Correct out of wrong
The guide I wrote on z-index positioning was linked on WaSP Buzz and was there spotted by the Safari developer, Dave Hyatt. Dave effectivelly overturned (what seemed like) 95% of my claims about standard compliance. Thanks to Axl who left a comment here I was able to quickly respond and update the guide accordingly.
After the whole thing settled down, it got me thinking on two issues…
First, Dave actually corrected only a fragment of the guide, but it was a very unfortunate place to make mistakes. I did it at the very first paragraph, overlooking the fact that non-auto z-index does not create stacking context. All my following conclusions and claims were drawn from that first paragraph. They were all correct when based on such basis. Since the basis was wrong, the entire guide turned-out wrong.
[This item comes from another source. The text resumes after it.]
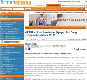 “Ngôi sao chính trị mới ở Châu Á: Thủ Tướng Việt Nam Nguyễn Tấn Dũng.” HÀ NỘI (TH) - Một ngày trước khi Ðại Hội Ðảng XI chính thức mở màn, tờ Pháp Luật Việt Nam (cơ quan tuyên truyền của Bộ Tư Pháp CSVN) ngày 11 tháng 1, 2011, viết một bài có tựa đề: “Thủ Tướng Nguyễn Tấn Dũng xuất sắc nhất Châu Á.” “Với nhan đề: Thủ Tướng Nguyễn Tấn Dũng-Nhân Vật Năm 2010, Nhật báo Firmenpress của CHLB Ðức nhận định Thủ Tướng Nguyễn Tấn Dũng đã rất thành công với các chính sách khôn ngoan, chiến lược và tầm nhìn xa trông rộng. Ông đã làm được nhiều việc mà các thủ tướng khác ở các nước Châu Á không làm được.” Hóa ra, bài báo này, theo tin dẫn trên tờ báo điện tử “lề trái” Tiền Vệ, lại là không có thật. Tin trên Tiền Vệ viết rằng, ở Ðức không hề có nhật báo nào tên là “Firmenpress.” Họ tìm hiểu lục lọi khắp các mạng tra cứu thì thấy có mạng “Firmenpresse.de” là một diễn đàn cung cấp dịch vụ quảng cáo điện tử. Ai muốn quảng cáo thì cứ gửi tới, tự làm lấy mẫu. Theo Tiền Vệ, firmenpresse.de do công ty LayerMedia Inc. làm chủ, văn phòng đặt tại Burgstr. 2, Filderstadt, BW 70794, Germany. Trang firmenpresse.de “là một trang chuyên đăng các bài ‘press release’ tự quảng cáo tiếp thị (PR) trong mọi lĩnh vực, từ thương mại, nghệ thuật, công nghệ, cho đến chính trị, do khách hàng tự viết gửi đến. Trang này còn hướng dẫn cho khách hàng thực hiện các Mẹo và Xảo thuật (Tipps und Tricks) để viết các bài tự quảng cáo tiếp thị có hiệu quả!” Ông Nguyễn Tôn Hiệt (người cất công tìm hiểu và viết bài đăng trên Tiền Vệ về sự thật của bài báo khen ông Dũng) viết trên Tiền Vệ, rằng ông lục tìm trên trang firmenpresse.de thì thấy có 2 thông cáo báo chí, quảng cáo tiếp thị về Nguyễn Tấn Dũng. Hai thông báo ấy do một khách hàng tên là “RES-Resources, Ecology, Services GmbH” gửi đăng ngày 10 tháng 1, 2011 và ngày 12 tháng 1, 2011. Tác giả Nguyễn Tôn Hiệt viết rằng, qua tìm hiểu, ông biết công ty này chuyên về các dịch vụ chế biến rác và vệ sinh môi trường. Ông Nguyễn Tôn Hiệt liệt kê: Tờ thông cáo báo chí thứ nhất được công ty “RES-Resources, Ecology, Services GmbH” đăng trên firmenpresse.de, có nhan đề “Việt Nam: Thủ Tướng Nguyễn Tấn Dũng là ‘Nhân vật của năm 2010,’ đăng ngày 10 tháng 1, 2011. Thông cáo này dài hơn 600 chữ, có nội dung gần giống bài của VnExpress đăng ngày 1 tháng 1, 2011. Ðến ngày 11 tháng 1, 2011, báo Pháp Luật Việt Nam tung ra bài “Thủ Tướng Nguyễn Tấn Dũng Xuất Sắc Nhất Châu Á.” Ngay sau khi báo Pháp Luật Việt Nam tung ra bài của mình, công ty RES-Resources, Ecology, Services GmbH lại dựa vào bài ấy, viết thêm thông cáo báo chí thứ nhì, khoảng 450 chữ, đăng lên firmenpresse.de, với nhan đề “Ngôi sao chính trị mới ở Châu Á: Thủ Tướng Việt Nam Nguyễn Tấn Dũng.” Bài này đăng ngày 12 tháng 1, 2011. Nội dung của thông cáo báo chí này gần như lặp lại nội dung bài của báo Pháp Luật Việt Nam. Cùng ngày 12 tháng 1, 2011, báo VnExpress tung ra bài “Báo nước ngoài ca ngợi ‘Nhân Vật của Năm’ - Thủ Tướng Việt Nam,” dài hơn 900 chữ. “Báo nước ngoài” ở đây lại chính là thông cáo báo chí mà công ty “RES-Resources, Ecology, Services GmbH” đăng ngày 10 tháng 1.

By simply changing the basis to correct information, I managed to update the entire 8-page guide in practically no time at all. I had grasped 95% of the concept correctly, so the re-typing went like a breeze.
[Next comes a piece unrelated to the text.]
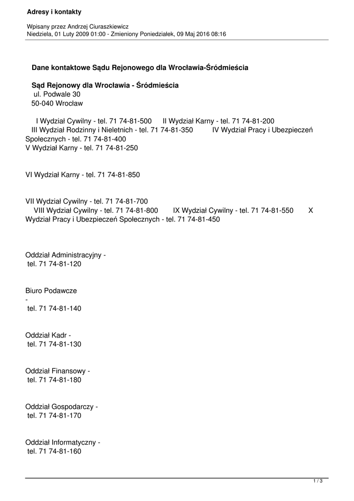 Adresy i kontakty Wpisany przez Andrzej Ciuraszkiewicz Niedziela, 01 Luty 2009 01:00 - Zmieniony Poniedziałek, 09 Maj 2016 08:16 Dane kontaktowe Sądu Rejonowego dla Wrocławia-Śródmieścia Sąd Rejonowy dla Wrocławia - Śródmieścia ul. Podwale 30 50-040 Wrocław I Wydział Cywilny - tel. 71 74-81-500 II Wydział Karny - tel. 71 74-81-200 III Wydział Rodzinny i Nieletnich - tel. 71 74-81-350 IV Wydział Pracy i Ubezpieczeń Społecznych - tel. 71 74-81-400 V Wydział Karny - tel. 71 74-81-250 VI Wydział Karny - tel. 71 74-81-850 VII Wydział Cywilny - tel. 71 74-81-700 VIII Wydział Cywilny - tel. 71 74-81-800 IX Wydział Cywilny - tel. 71 74-81-550 Wydział Pracy i Ubezpieczeń Społecznych - tel. 71 74-81-450 X Oddział Administracyjny tel. 71 74-81-120 Biuro Podawcze tel. 71 74-81-140 Oddział Kadr tel. 71 74-81-130 Oddział Finansowy tel. 71 74-81-180 Oddział Gospodarczy tel. 71 74-81-170 Oddział Informatyczny tel. 71 74-81-160 1/3 Adresy i kontakty Wpisany przez Andrzej Ciuraszkiewicz Niedziela, 01 Luty 2009 01:00 - Zmieniony Poniedziałek, 09 Maj 2016 08:16 I Zespół Kuratorskiej Służby Sądowej do Wykonywania Orzeczeń w Sprawach Rodzinnych - tel. 71 74-81-930 Sąd Rejonowy dla Wrocławia - Śródmieścia pl. Powstańców Śl. 14 53-314 Wrocław III Wydział Rodzinny i Nieletnich - tel. 71 74-81-350 Społecznych - tel. 71 74-81-400 IV Wydział Pracy i Ubezpieczeń X Wydział Pracy i Ubezpieczeń Społecznych - tel. 71 74-81-450 Biuro Podawcze 2 tel. 71 74-81-155 I Zespół Kuratorskiej Służby Sądowej do Wykonywania Orzeczeń w Sprawach Rodzinnych - tel. 71 74-81-930 Sąd Rejonowy dla Wrocławia - Śródmieścia ul. Tkacka 6-8 54-138 Wrocław 2/3 Adresy i kontakty Wpisany przez Andrzej Ciuraszkiewicz Niedziela, 01 Luty 2009 01:00 - Zmieniony Poniedziałek, 09 Maj 2016 08:16 II Zespół Kuratorskiej Służby Sądowej do Wykonywania Orzeczeń w Sprawach Karnych - tel. 71 74-81-900 III Zespół Kuratorskiej Służby Sądowej do Wykonywania Orzeczeń w Sprawach Karnych - tel . 71 74-81-900 NIP 896-10-03-972 3/3
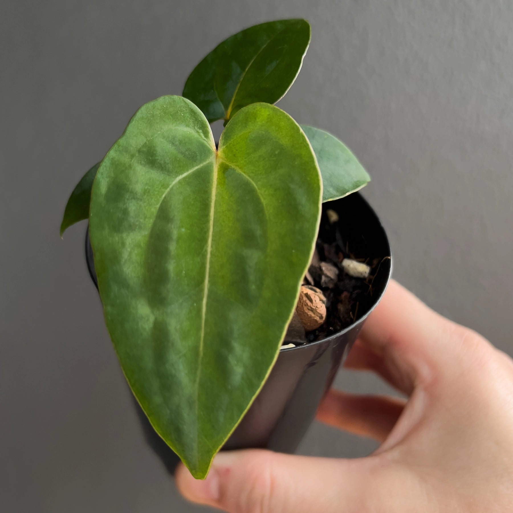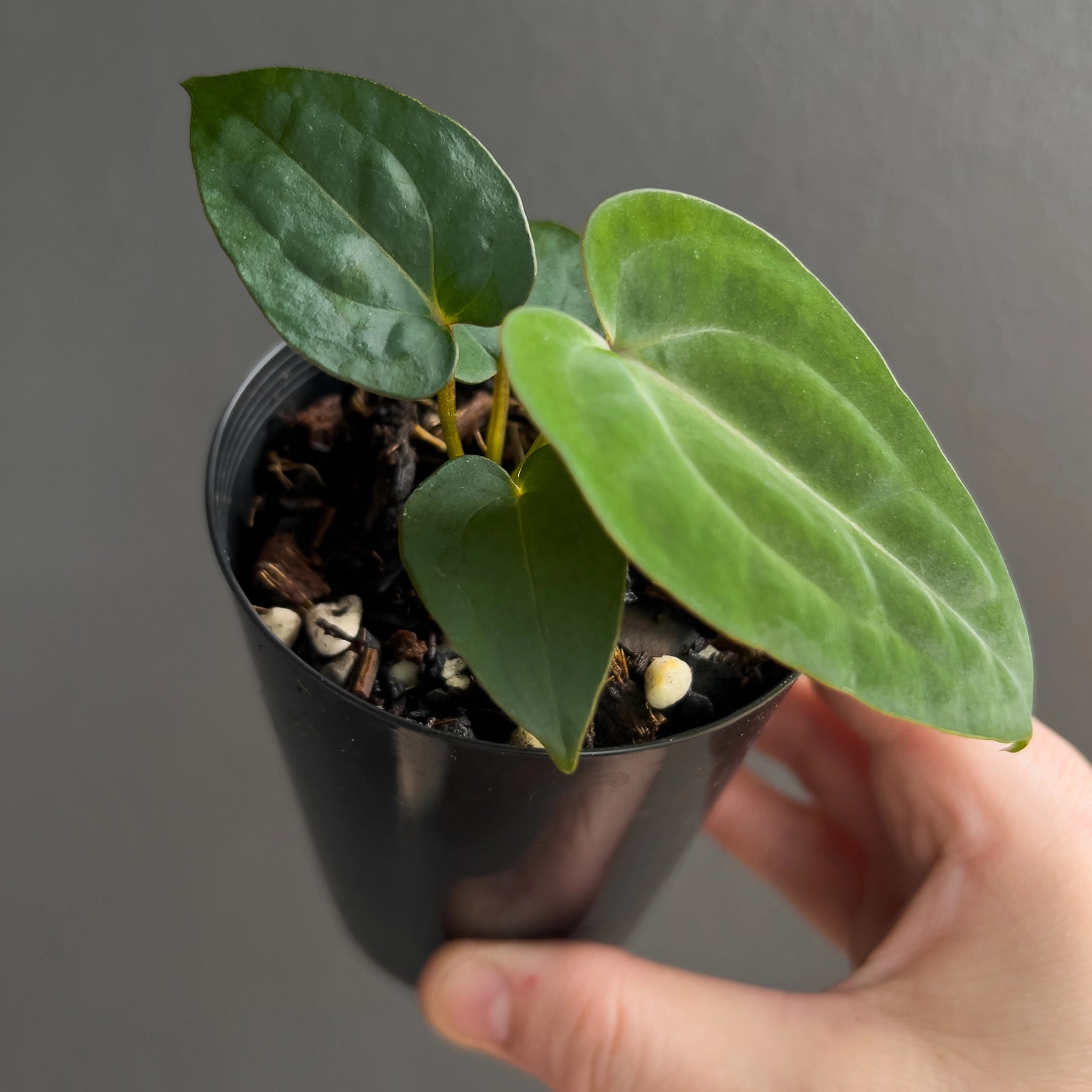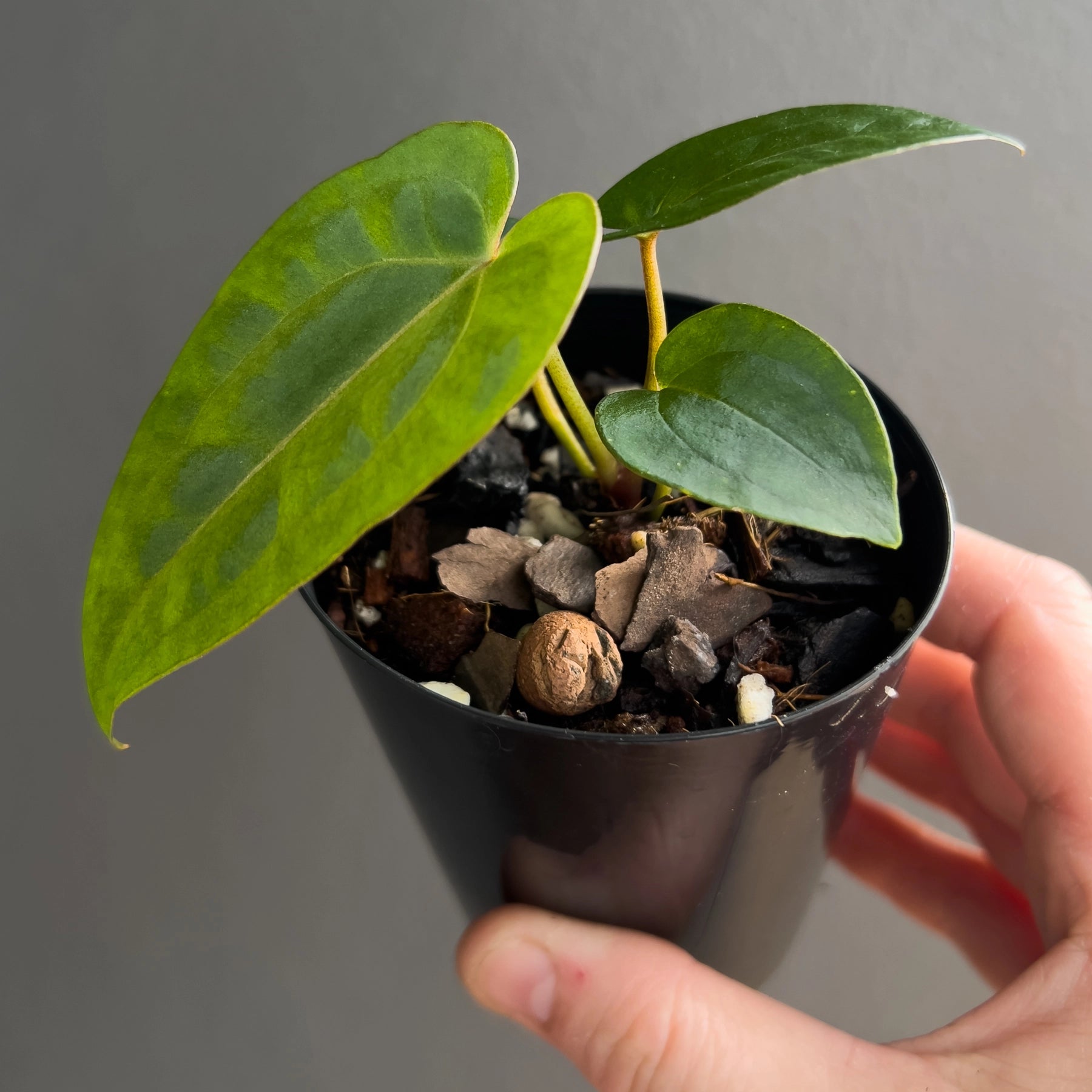 Anthurium ((Zara x Michelle) x pap) x jayda comes from a seed batch created by The Plant Plug as part of a colour genetics experiment. The seed parent carries dark petioles, pink abaxial veining and a big round blade with heavy texture. The pollen parent, known as Jayda, is loved for strong colour in both the abaxial and adaxial veins and a confident growth habit. This cross aims to explore recessive red traits, so each seedling has the potential for interesting vein colour, deeper tones and fuller form. Grown in bright filtered light with steady humidity and a chunky aroid mix, this hybrid suits collectors who enjoy watching character traits reveal themselves as the plant matures.

Good thing was that essence of the guide, the examples, were correct from the beggining. Last three pages showed the right combination of z-indexes on both RPs and APs to get indentical rendering on all browsers. That was my intention from the start; I need to learn to refrain from the definitive sentences though.
This build-your-own-theory case reminded me of high-school classes about Lobachevsky geometry theory. Back then, most us had problems grasping it because we were first taught according to the old greek Euclid’s theory. Thus everything in the Lobachevsky universe seemed utterly wrong. But it was simply a question of habit; russian mathematician simply changed the basic axioms and build on top of that, thus everthing he did was entirely correct on this new basis.
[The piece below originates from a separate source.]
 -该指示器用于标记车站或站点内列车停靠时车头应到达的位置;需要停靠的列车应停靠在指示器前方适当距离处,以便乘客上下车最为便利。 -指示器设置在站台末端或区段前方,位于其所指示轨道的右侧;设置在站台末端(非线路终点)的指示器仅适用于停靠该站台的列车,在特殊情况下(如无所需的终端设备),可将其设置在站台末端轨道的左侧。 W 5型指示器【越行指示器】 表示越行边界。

Now I can completly understand that. There’s nothing better than hands-on learning. :)
Second…before I got linked on WaSP, I posted this on css-discuss and submitted it to css-vault, where it was quickly included. According to my site stats, the guide received quite a bit of visits after that, but no one said anything. Zoe echoed my own suspicions that something was wrong here, as it looked quite impossible that both gecko and khtml engines were wrong in exact the same way, while IE was right.
But when Chris Kaminski buzzed me on WaSP, unique visits for the guide tripled in a day and quality explanation came in a matter of hours. It’s the proof of both weight and influence that WaSP holds.